Dive Brief:
- DFA has proposed a resilient, mixed-use project for New York City's Pier 40, a development that the architecture firm claims can survive an anticipated sea level rise of up to 75 inches by the year 2100, according to designboom.
- The Pier 40 2100 project would include affordable residential units and commercial and recreation space designed to withstand flooding, along with floating landscape pods that will surround the development and absorb energy created by storm surge waves. The 19 residential towers, organized into 11 clusters and reaching as high as 455 feet, would feature 450 apartments ranging in size from studio to three-bedroom units.
- All residential units would be designed to stay 60 inches above expected storm surge levels, DFA said. By the year 2050, when the sea level around the development is expected to have risen by as much as 30 inches, the landscape deck will become a floating island and serve as the connector to the rest of Manhattan.
Dive Insight:
While the level of sea rise will vary from coast to coast, designers and developers are planning for rising waters around coastal developments. For instance, engineers working on the $1.5 billion Seaport San Diego project are planning a two-level parking garage, which will reach below the water table but also designed so that equipment and entry points will be out of reach of the rising Pacific Ocean.
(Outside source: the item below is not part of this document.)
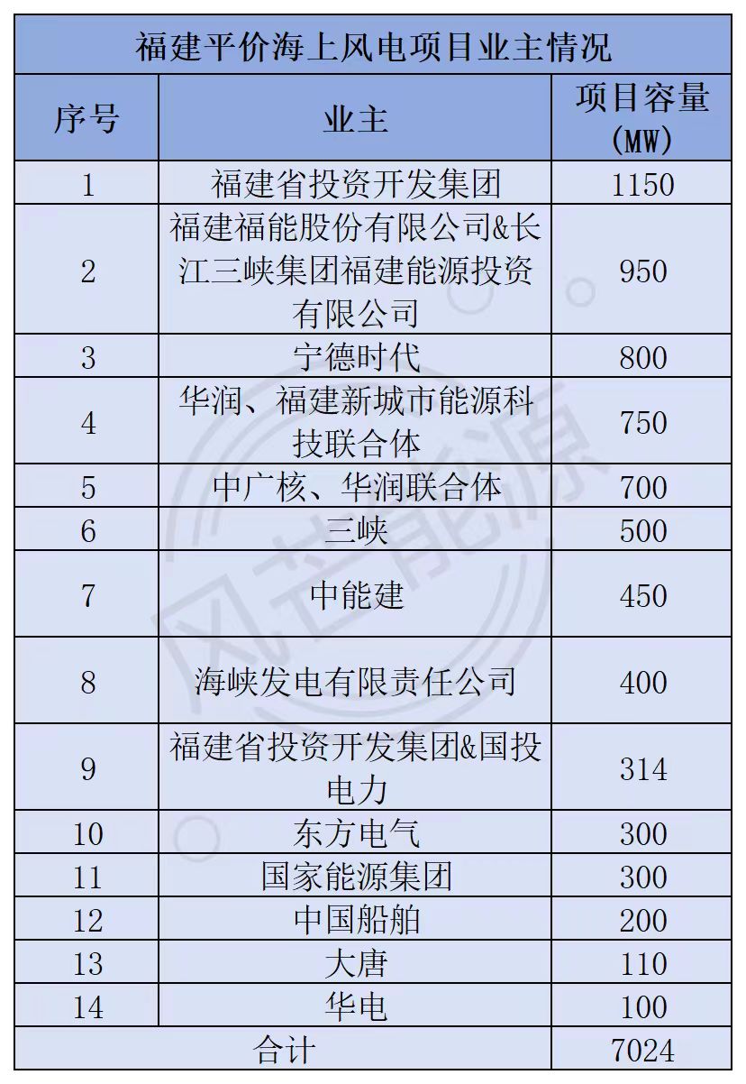 在这些项目中,从业主来看,福建省投资开发集团项目容量最多,为1.15GW;容量第二的为福建福能股份有限公司&长江三峡集团福建能源投资有限公司联合体,为950MW;宁德时代容量为800MW。

Farther north, Perkins+Will’s waterfront Mission Rock mixed-use project for the San Francisco Giants baseball team also is being planned with anticipation of a significant sea level rise. The project includes elevated loading docks that will serve as pedestrian paths should the existing ones end up under water.
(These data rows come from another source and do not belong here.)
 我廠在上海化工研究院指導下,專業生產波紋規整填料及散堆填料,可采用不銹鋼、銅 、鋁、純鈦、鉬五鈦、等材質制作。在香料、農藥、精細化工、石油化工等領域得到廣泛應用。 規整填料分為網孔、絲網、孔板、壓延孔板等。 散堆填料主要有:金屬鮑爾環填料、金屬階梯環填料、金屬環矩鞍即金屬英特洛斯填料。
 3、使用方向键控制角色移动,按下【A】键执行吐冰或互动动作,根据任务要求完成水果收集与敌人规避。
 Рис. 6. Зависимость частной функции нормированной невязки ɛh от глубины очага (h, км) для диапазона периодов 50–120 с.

Municipalities are beginning to issue guidelines to builders planning coastal projects. Boston, for example, has laid out a set of construction best practices related to sea level rise as part of its Climate Change Preparedness and Resiliency Checklist. The guide deals with such issues as whether developers should build according to moderate or severe sea-level-rise projections through 2100.
As a result of the push for resiliency, developers are constructing waterfront buildings that anticipate, for example, ground-floor flooding, according to Engineering News-Record, or installing "living shorelines" that provide natural barriers between structures and the rising tides.